Industry Resources

How In-House Counsel Are Raising The Bar For Law Firm Diversity

Law firms have increasingly prioritized what we can all agree is an important goal: meaningful improvement in the diversity of their ranks. Beyond the positive human and workplace impetus behind this push, firms are experiencing a growing trend of externalpressure to increase parity through all levels of hiring and promotion. This pressure comes from their clients — and rightly so. Companies and general counsel have an important interest in seeing law firms increase diversity.

Superior Corporate Performance: A near causal relationship exists between diversity and bottom-line corporate performance. There is an 80% improvement in business performance when levels of diversity and inclusion are high. Fortune 500 companies with the highest representation of women board directors attain significantly higher financial performance, on average, than those with the lowest female representation. And racial and ethnic diversity has an even stronger impact on financial performance in the United States than gender.

Superior Law Firm Performance: Though a company’s lawyers work separately from the business and outside the corporate benchmarks and performance indicators described above, the analysis is equally meaningful within the firm. Clients see diversity as a key performance indicator to discern the quality and prestige of a law firm.
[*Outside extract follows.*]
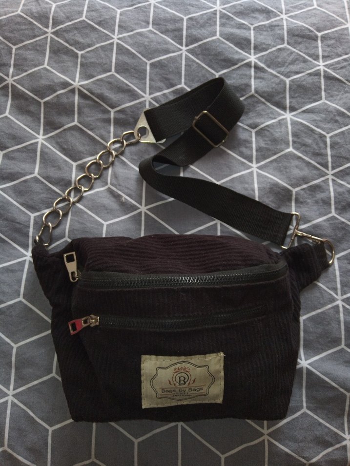 Siyah renkli, kemer detaylı ve zincirli bel çantası. Sentetik kumaştan üretilmiş, grunge punk tarzına uygun şık bir tasarım.
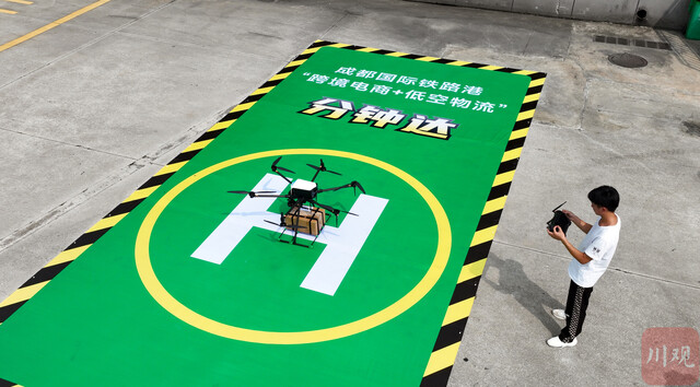 8月7日下午,位于成都国际铁路港综合保税区内的成都青铁国际贸易有限公司接到客户订单,在迅速完成拣货、打包以及海关审核清关后,工作人员将商品送上无人机,不到两分钟便送到亚蓉欧国家(商品)馆OTO跨境体验中心店的消费者手里。此次飞行,标志着全国首个“中欧班列+低空物流”配送模式落地成都国际铁路港。

Why is this? First, heterogeneous teams produce more nuanced and innovative solutions to problems. The more perspectives you have in approaching a challenge, the more cross-pollination of ideas, and the better your chance of creative resolution. Since innovative problem solving is the very reason companies hire outside counsel, it is rightly a fundamental factor in their selection of a law firm.

Furthermore, by 2040, an estimated half of the population will be made up of groups now considered minorities. The U.S. population of young adults, college students, and graduate students has never been more diverse. Companies are more profitable if their ranks reflect their client demographic, and law — a service industry — will undoubtedly observe this same trend. A law firm with no African-American partners, for example — of which there are currently twenty in the Am Law 200 — will come under increasing scrutiny by discerning general counsel.

Raising The Bar. In-house counsel and law firms are employing some noteworthy means of improving the diversity of their legal teams. Many general counsel have come to rely heavily on minority- and women-owned law firms, and prioritize doing so wherever possible — as I recently observed at an inspiring NAMWOLF conference. Relatedly, and as suggested by Showtime General Counsel Gwen Marcus in a recentkeynote address, Biglaw firms can bolster their diversity commitment through strategic relationships with women- and minority-owned law firms to whom they refer smaller matters.

As a women-owned business, Cadence Counsel is proud to play a role in deepening these types of relationships. General counsel now engage diverse firms on larger matters knowing the firm can ramp up as needed with our Ad Hoc Counsel. They use Cadence lawyers to bring diversity directly to the in-house workplace. And they direct their outside firms that have not yet reached their diversity goals to partner with Cadence as a way to infuse a diverse resource into their legal spend.

More diverse companies and firms are better able to win top talent and attract and retain diverse talent. Law firms have a big job ahead of them in an industry where women make up 18% of equity partners, and ethnic minorities represent 6% of partners — but many are up to the challenge. Close strategic collaboration between in-house law departments, law firms of varying compositions, and alternative service providers can be a powerful tool in advancing these goals.